A question demonstrating rather a lot of ignorance - sorry - but in the case
of neutered males in some animals, the various biological processes of
coming into season still apply. This makes me wonder: does the same hold
true for pet cats?

Background: our 3 year old spayed Tabby is acting quite frisky and has been
doing so for the last couple of weeks since spring has arrived here in
England.
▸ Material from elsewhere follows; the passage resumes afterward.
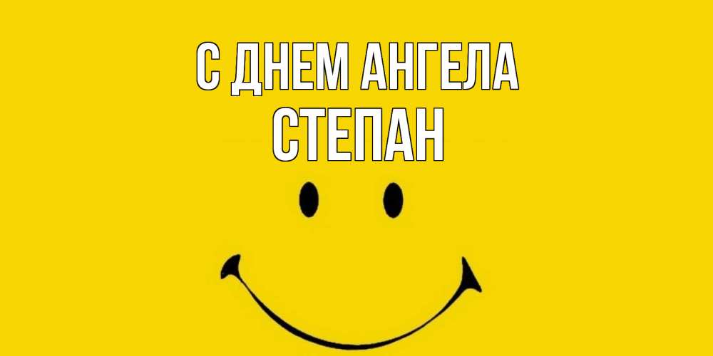 Открытка С днем Ангела Степан. смайл позитив желтый фон. радость и улыбка

We notice two unusual (and possibly concerning) symptoms which have
also appeared:

1) A small amount of blood has been seen coming from her rear end - possibly
a symptom of constipation

2) She seems to produce small round droppings, without noticing, at random -
whereas she normally goes to the toilet outside and digs a hole etc. etc.
In this latter case she seems to deposit these small poos around the house
without noticing. They are very dry - almost like the dry pellets she's fed
on but as if several are compacted together.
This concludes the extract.